1 x 200-300g sirloin, ribeye or fillet Aberdeen Angus steak
Extra virgin olive oil
A few slivers of garlic
Sea salt and black pepper
Lemon juice

½ a baguette loaf (not a FULL sized one!)
Shredded lettuce
Hot English mustard


Preheat a griddle pan on a high heat for 20 minutes. If the steak is in the fridge, take it out so it comes to room temperature while the griddle heats.
Barely wipe one side of the steak with extra virgin olive oil. Make a couple of cuts on the other side and push in the slivers of garlic.
Reduce the heat to medium and put the steak on the griddle, oiled side down. Leave it for 5-6 minutes, allowing the steak to form its own crispy barrier to the heat. Don't pull it from the griddle to turn it until it comes away easily. If it wants to stick, leave it. In a few minutes it will lift away easily.
Turn the steak, add salt and pepper to the cooked side, and let the meat just sear on the bottom for a minute before lifting it off on to a warmed plate. You can judge how the steak is cooked by cutting into it. Return it to the pan if you want it more well done.
When the steak is cooked the way you want, drizzle a little extra virgin olive oil over it to 'catch' the juices, and add a good squeeze of lemon juice to lift its flavour. Leave the steak on a warm dish for a minute or so to rest. Cut it in two lengthways and lay it in the baguette. Add plenty of shredded lettuce and a good smear of hot mustard. Serve.


----------



## kadesma (Jan 4, 2006)

Ishbel,
now this is one my family will love...My son just sent us some angus beef for the freezer and I can just see the kids faces now..They love steak sandwiches..Thank you 

kadesma


----------



## Ishbel (Jan 4, 2006)

We had it for lunch on New Year's Day.  Too much to eat the night before and a teensy-weensy hangover - so it helped to make us feel more human to face the new year!


----------



## mudbug (Jan 4, 2006)

perfect!!!!!!!!!!!!!


----------



## buckytom (Jan 5, 2006)

one of my faves ishbel. coleman's on garlic sauteed roast beast is fantastic. i like the addition of lemon; will have to remember to try that.


----------



## Ishbel (Jan 5, 2006)

I like beef above all other meats, and this is a really scrumptious way to eat it as a snack.

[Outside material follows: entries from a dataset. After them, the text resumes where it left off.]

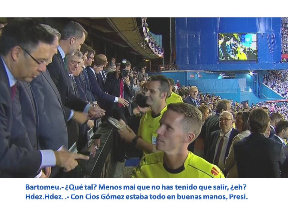 - ¿Quién era el cuarto árbitro de la final de Copa de la semana pasada (F.C. Barcelona-Alavés)? Pues será otra casualidad, pero el infame Hernández Hernández, el que pitó los dos vergonzosos penaltis a favor del Barça en la última jornada de liga frente al Éibar.
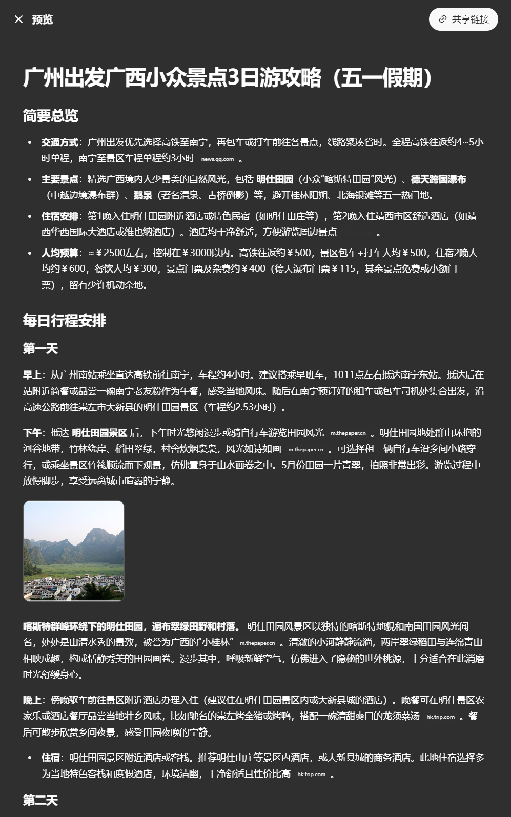 五一假期快要到了,可以直接用Deep Research帮我们制定一个旅游计划:
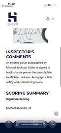 memorabilia Micheal Jackson firma chitarra elettrica. Chitarra elettrica 3rd Ave Perfetta in ogni sua parte, si presenta in eccellenti condizioni così come nelle foto. Chitarra elettrica 3rd Avenue, modello stile Stratocaster, autografata da Michael Jackson con pennarello nero Sharpie sul battipenna bianco. La firma è ampia, ben posizionata e perfettamente leggibile, ideale per esposizione. L’autenticità della firma è garantita da Holland Shier Authentication, con certificato digitale e fisico, contenente: •Numero di certificazione: 0000090942 •Ologramma applicato sul retro del battipenna •QR Code verificabile online sul database ufficiale •Data di autenticazione: 16/09/2025 La chitarra è in ottime condizioni estetiche, completa di tutte le parti originali. Il modello, pur essendo di fascia economica, rappresenta una base perfetta per un pezzo da collezione: il valore è infatti determinato dalla firma dell’artista e dalla sua autenticazione. Oggetto ideale per collezionisti di memorabilia musicali, fan di Michael Jackson o per esposizione in studi, locali o ambienti tematici. Condizioni •Stato generale: Ottimo •Firma: perfetta, senza sbavature •Corpo e battipenna: minimi segni superficiali compatibili con la normale conservazione •Completamente originale Documentazione inclusa •Certificato digitale Holland Shier Authentication •Ologramma numerato applicato sullo strumento Spedizione L’oggetto verrà spedito in 24h con imballaggio protettivo rinforzato per garantire massima sicurezza durante il trasporto oppure consegnato a mano.
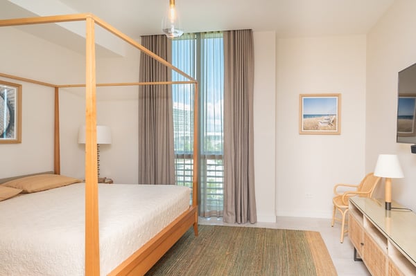 Immerse yourself in the luxury of this 2-bedroom Seafire Residences apartment, a spacious 2,167-square-foot retreat exuding sophistication. The interior design harmonizes seamlessly with the natural beauty of the Caribbean. Inside and out, this captivating Grand Cayman apartment is a visual delight. Marble accents in the kitchen and bathroom set the tone for an exceptionally elegant ambiance, where every design element is meticulously curated. The living area of this 2-bedroom Seafire Residences apartment radiates comfort and sophistication. Anchored by a sumptuously comfortable sofa, the space invites relaxation with its plush design, creating an ideal spot to unwind after a day of exploration. A strategically placed flat-screen TV graces the wall, offering additional entertainment options and enhancing the overall atmosphere. Embark on a comprehensive Seafire Residences journey that encompasses an extensive range of amenities, services, and resort privileges. Maintain your active lifestyle at the well-equipped on-site fitness center, take pleasure in a rejuvenating swim in the alluring pools, and unwind by the poolside as an attentive staff member is ready to cater to your preferred cocktails. Luxuriate in the choice to savor delectable meals at one of the resort's restaurants or relish the convenience of room service delivered right to your dining table.
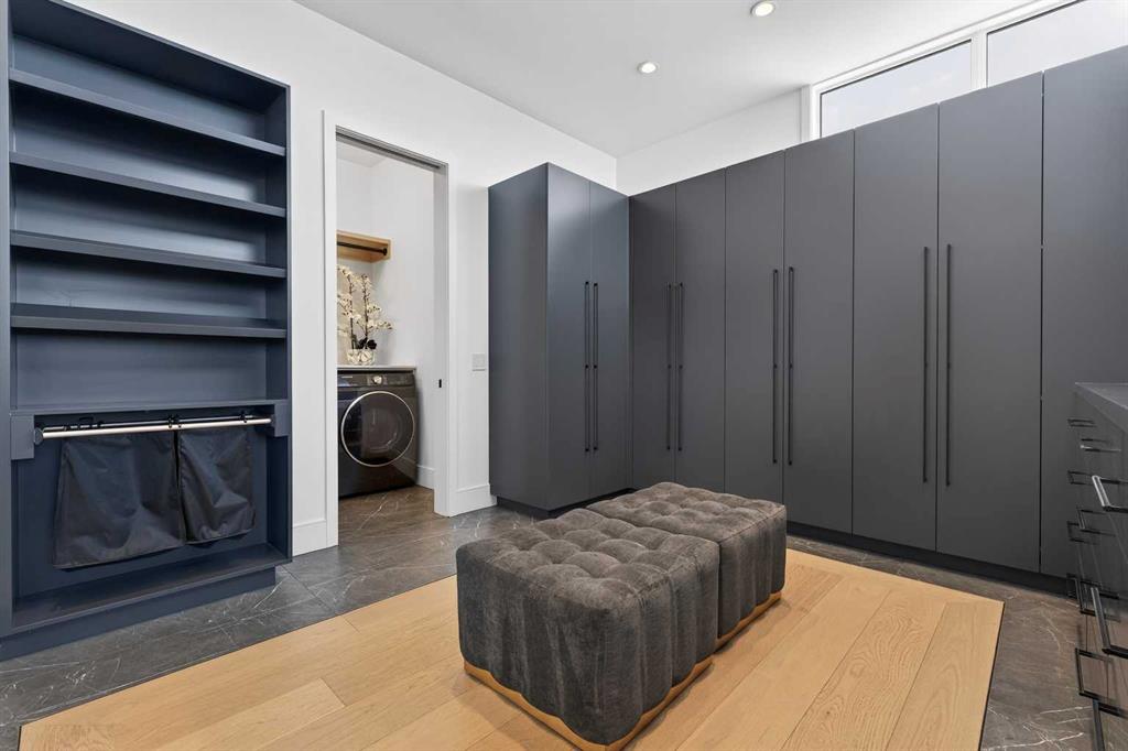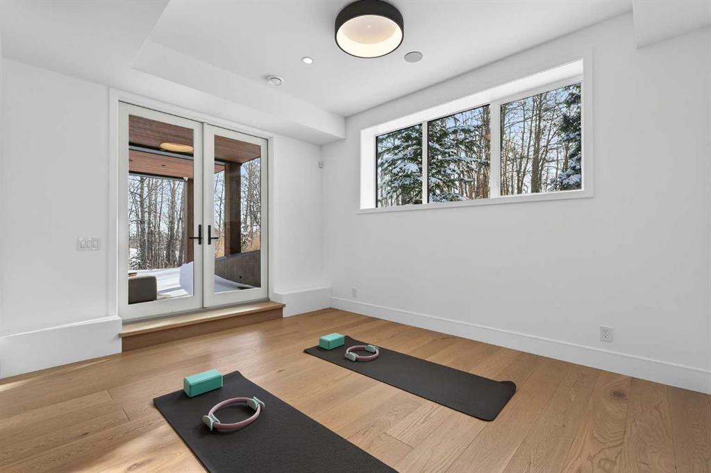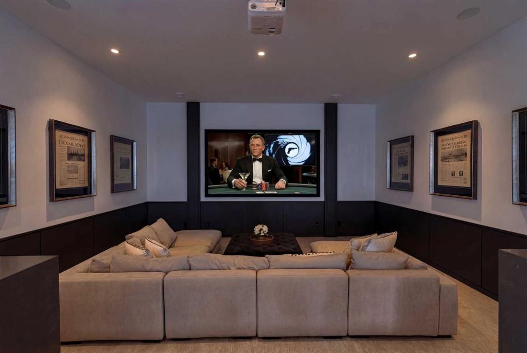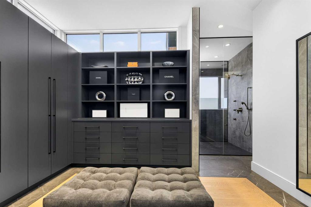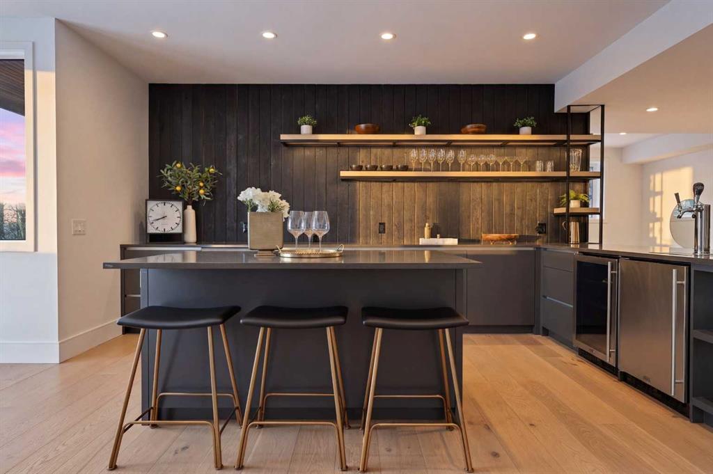 Tucked into 1.77 acres of rolling hills and mature trees in the estate community of Silverhorn, 105 Silverhorn Ridge quietly redefines the acreage category. Built by award-winning West Ridge Fine Homes, this two-storey walkout offers nearly 7,000 SF across three levels — architectural, warm, and connected to nature. The main floor opens to 14' ceilings in the great room, where three elevations of floor-to-ceiling windows in a post-and-beam grid frame the landscape and pour in S/SW light. A linear gas fireplace with metal-paneled facade and stacked ledgestone columns anchors the room. The kitchen is purpose-built for entertaining: a full Miele package with eight-burner dual-oven gas range, paneled built-in fridge and freezer, and dishwasher; black leathered stone counters with waterfall-edge island; full-height marbled stone backsplash; and integrated pantry. The butler's pantry adds a Miele coffee machine, combi-steam oven, and 100+ bottle wine fridge. The dining room sits in a glass enclosure that feels like eating among the trees; the breakfast nook is built for unhurried mornings. Three decks extend the main floor outdoors: a covered patio with BBQ hookup, a pergola sundeck with S/SW exposure, and a central sunrise deck off the nook, foyer, and primary suite. The main-floor primary retreat features a custom built-in bed frame and floor-to-ceiling headboard with tufted velvet, custom millwork, antiqued mirror panels, integrated pendants, and hidden motorized footboard TV. A glass wall delivers light from two elevations with direct deck access. The spa ensuite offers in-floor heat, freestanding soaker tub, floating dual vanity, dedicated makeup vanity, oversized curbless shower with black-framed tinted glass and five-function system, and separate water closet. The walk-in connects to the laundry. An open-riser staircase wrapped in windows leads upstairs to two bedrooms with walk-ins and private ensuites, plus a bright executive office with tinted glass feature wall. The walkout lower level is built for entertaining. Radiant in-floor heat runs throughout. A three-sided gas fireplace with shelving separates the conversation area from a striking wet bar in Japanese charred wood cladding with stainless kegerator, wine fridge, and dishwasher. The space steps down through a games area into a sunken theatre with quartz projection screen, ceiling-mounted projector, and surround sound. Two more bedrooms with private ensuites and walk-ins, a spa bath with steam shower, a gym, and a wine cellar that steals the show round out the level. The heated, epoxy-floored triple-door garage fits up to five cars (or three plus workshop), with ceiling height for a lift. Additional features: metal frame structure, natural stone accents, smart home automation, automated roller shades, irrigation, exterior lighting, stamped concrete driveway, frameless tempered glass railings, speaker zones, and STEP septic. Book a showing to experience 105 Silverhorn Ridge — and Silverhorn itself.
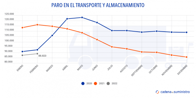 Los datos de paro en el sector logístico y de transporte se han incrementado en cómputo mensual en los dos primeros meses de 2022 con incrementos, pero el registor de desempleo en este segmento de actividad está por debajo de los registros del primer bimestre de 2019, cuando aún no había irrumpido la pandemia.

Coleman's English mustard will certainly clear out the sinuses, eh?!!


----------



## Chief Longwind Of The North (Jan 5, 2006)

I love mine with A1 brand steak sauce between two crusty slices of whole wheat.  And the steak must be rare.  Yum!

Seeeeeya; Goodweed of the North


----------



## caliloo (Jan 11, 2006)

What - no Cheez Whiz?!?! LOL! Talk about different cultures! This sounds great but it is *very* different then the steak sandwiches we get here near Philly. 

Alexa


----------



## Ishbel (Jan 11, 2006)

Yep - here a steak sandwich is just that.....


----------



## Chief Longwind Of The North (Jan 11, 2006)

A long time ago, in a far away place (San Diego, 1976), I was walking down the North side of Broadway Avenue, near what used to be the Y.M.C.A, before they cleaned up the downtown area.  My motorcycle was safely chained to a lightpole and I was a single man, a sailor no less, with a few extra bucks in my pocket.  I happened upon a little restaurant that had "Steak Sandwich" in bold letters on a vertical menu board.  I stepped in and ordered one, expecting somethin like a Philly Beef.  To my surprise, I was presented with a flame-grilled New York Strip steak, cooked medium rare and placed between two slices of bread.  There was A1 Steak Sauce on the table.  The rest is history.  Probably because it was the first one I'd ever had, and because a sandwich of such grand proportions was completely unexpected, I have never forgotten that sandwich.  

The restaurant is long gone, probably along with the cook.  But I wish I could thank him personally for the memory.  Oh, and I spent $15 dollars U.S. that nite at a nearby arcade.  It was a good night for a young, single sailor who was brand new to the city.

What I can say is thank you Ishbel, for bringing back that memory.

Seeeeeeya; Goodweed of the North


----------



## Ishbel (Jan 12, 2006)

Thank YOU for sharing the memory!  

I always think how amazing it is that a certain smell or colour can trigger a memory, often long-forgotten.


----------



## thumpershere2 (Jan 12, 2006)

Thanks for sharing Ishbel, going to try that steak this evening.Sounds so yummy.


----------